Tierhalterhaftung nach § 833 S. 1 BGB bei Sturz über einen schlafenden Hund (Verwirklichung der typischen Tiergefahr); Haftung für die Verletzung von Verkehrssicherungspflichten


OLG Hamm, Urteil vom 15.02.2013 - I-19 U 96/12


Fundstelle:

noch nicht bekannt


Amtl. Leitsatz:

Gefährdungshaftung des Tierhalters für einen regungslos schlafend im Verkehrsraum liegenden Hund.


Zentrale Probleme:

Ein schöner Sachverhalt zur Tierhalterhaftung nach § 833 BGB: Eine Kundin stürzt beim Verlassen eines Geschäfts über den im Eingangsbereich liegenden Hund einer Angestellten. Da es sich nicht um ein Nutztier handelt, kommt es zu einer verschuldensunabhängigen Gefährdungshaftung nach § 833 S. 1 BGB. Das setzt allerdings voraus, dass sich eine typische Tiergefahr verwirklicht hat. Der Senat bejaht dies mit überzeugender Begründung. Die Klage richtete sich auch gegen die Inhaberin des Ladengeschäftes. Diese haftet nach 823 Abs. 1 BGB unter dem Gesichtspunkt der Verletzung einer Verkehrssicherungspflicht sowie nach §§ 280 I, 241 II BGB (wenn die Kundin beim Eintreten gestürzt wäre: §§ 311 II, 280 I, 241 II BGB). Das Verhalten ihrer Angestellten muss sie sich im Rahmen der Haftung nach §§ 280 I, 241 II nach § 278 BGB zurechnen lassen. S. dazu auch BGH v. 21.12.2010 - VI ZR 312/09 und die dort zitierten Entscheidungen.

©sl 2013


Aus den Gründen:

II. Die Berufungen sind zulässig. Die Berufung der Klägerin ist begründet, die Berufungen beider Beklagten haben keinen Erfolg.
1. Die auf Zahlung gerichteten Klageanträge zu 1. bis 4. sind zulässig und dem Grunde nach ohne Einschränkung begründet. Der Klägerin stehen gegen die Beklagten als Gesamtschuldner (§ 421 BGB) Ansprüche auf Schadensersatz und Schmerzensgeld zu, welche nicht durch ein Mitverschulden vermindert werden.

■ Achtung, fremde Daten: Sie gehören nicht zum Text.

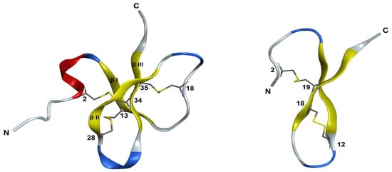 Three-dimensional structure of PaD (left) and Ct_PaD (right) as predicted by AlphaFold []. https://colab.research.google.com/github/deepmind/alphafold/blob/main/notebooks/AlphaFold.ipynb: accessed on 12 April 2022. Tertiary structures are represented using MOE software: Helix is red, β-strand is in yellow, turn is in blue, and ribbon loop is in gray. Disulfide bonds are displayed in yellow.
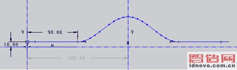 選擇菜單“插入/模型基準(zhǔn)/圖形”選項(xiàng),根據(jù)系統(tǒng)提示在消息輸入圖形名稱cuve2,確定后進(jìn)入草繪模式。在草繪模式中,在繪圖區(qū)繪制一個坐標(biāo)系,同時繪制兩條通過此坐標(biāo)系的中心線。選擇菜單“草繪/數(shù)據(jù)來自文件”選項(xiàng),選擇剛才輸出的“cuve1.igs”文件,打開后,在“縮放旋轉(zhuǎn)”對話框輸入比例和角度,拖動曲線至適當(dāng)位置,單擊確定按鈕推出。在草繪模式中對曲線進(jìn)行編輯增加,最終結(jié)果如圖10中所示。

a) Die Beklagte zu 1. trifft als Halterin des Schäferhundes, insoweit abweichend von der Ansicht des Landgerichts, bereits die verschuldensunabhängige Gefährdungshaftung nach den §§ 833 S. 1, 249 I, 253 II BGB (Tierhalterhaftung).

Es ist auf die tierimmanente Gefahr des Hundes zurückzuführen, dass die Klägerin unstreitig beim Verlassen des Ladenlokals über ihn stürzte und sich am rechten Knie verletzte. Bei der Rechtsgutverletzung der Geschädigten hat sich gerade die dem Tier typischerweise anhaftende Gefahr verwirklicht, indem der Schaden auf der Unberechenbarkeit und Selbstständigkeit tierischen Verhaltens sowie der dadurch hervorgerufenen Gefährdung beruht (vgl. BGH NJW-RR 2006, 813, 814).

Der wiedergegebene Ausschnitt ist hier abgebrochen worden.